In a suitably fact-packed new report... MGI argues that data are becoming a factor of production, like physical or human capital. Companies that can harness big data will trample data-incompetents. Data equity, to coin a phrase, will become as important as brand equity. MGI insists that this is not just idle futurology: businesses are already adapting to big data... The data revolution is disrupting established industries and business models. IT firms are nosing their way into the health-care market: Google Health and Microsoft HealthVault both allow consumers to track their health and record their treatments.
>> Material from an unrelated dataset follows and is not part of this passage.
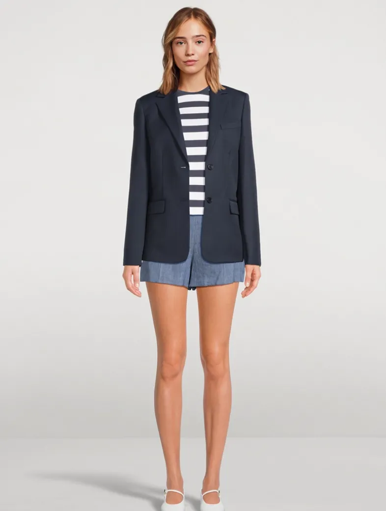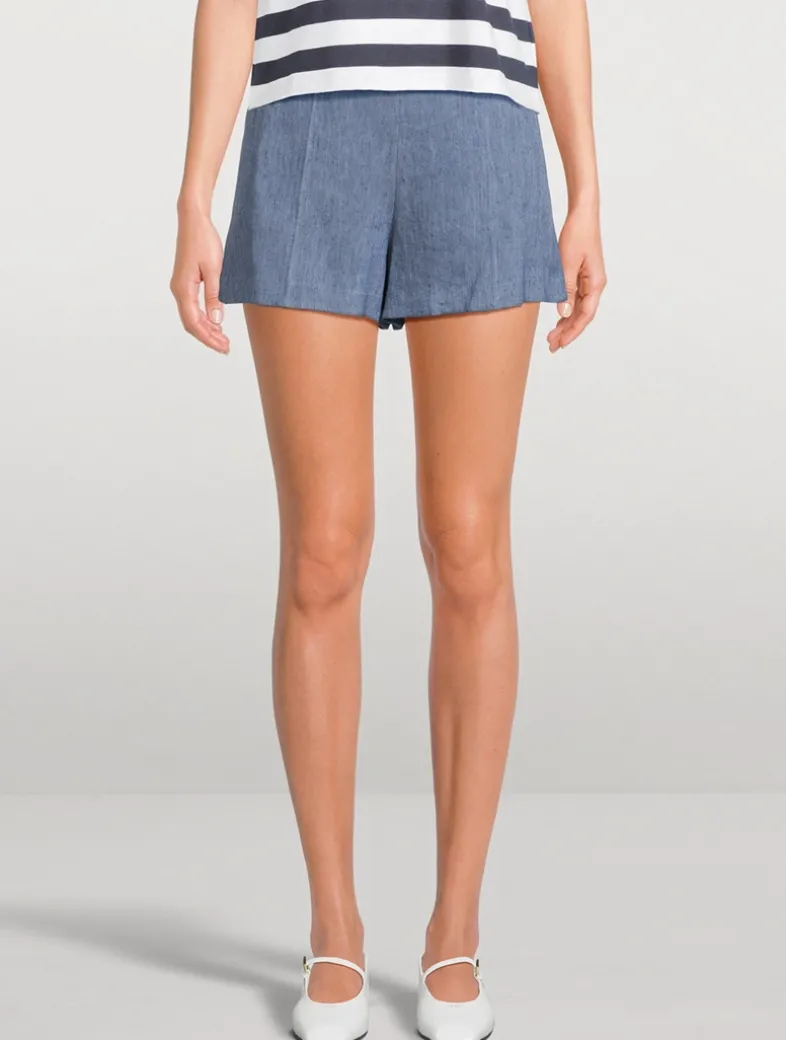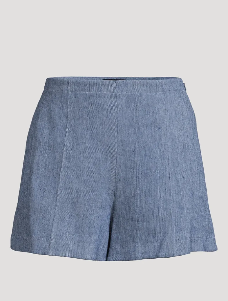 These clean shorts are designed with a side zip closure, on seam pockets, welt pockets at back, and crisp seamed creases at the front and back.

Manufacturers are hastening their transformation into service companies: all those sensors allow them to monitor their products and see if they need repairing long before they break down.

Richard Maddox in his blog wrote:

The report describes the state and growing role of digital data that has now entered every sector and economy... there is strong evidence that Big Data can contribute significantly to national economies, creating substantial value for the overall world economy... However, MGI notes the challenges organizations face with reaching the full potential of Big Data, such as limited analytical and managerial talent to make big data advantageous and valuable for businesses.

And, finally, Stowe Boyd noted :

MGI’s analysis shows that companies and policy makers must tackle significant hurdles to fully capture big data’s potential. The United States alone faces a shortage of 140,000 to 190,000 people with analytical and managerial expertise and 1.5 million managers and analysts with the skills to understand and make decisions based on the study of big data (exhibit). Companies and policy makers must also tackle misaligned incentives around issues such as privacy and security, access to data, and technology deployment.

Big data is exploding as more and more information is collected and stored daily. MGI estimates that enterprises globally stored more than 7 exabytes of new data on disk drives in 2010, while consumers stored more than 6 exabytes of new data on devices such as PCs and notebooks [as well as mobile devices]. If utilized correctly, this data can give a significant boost to today’s economy.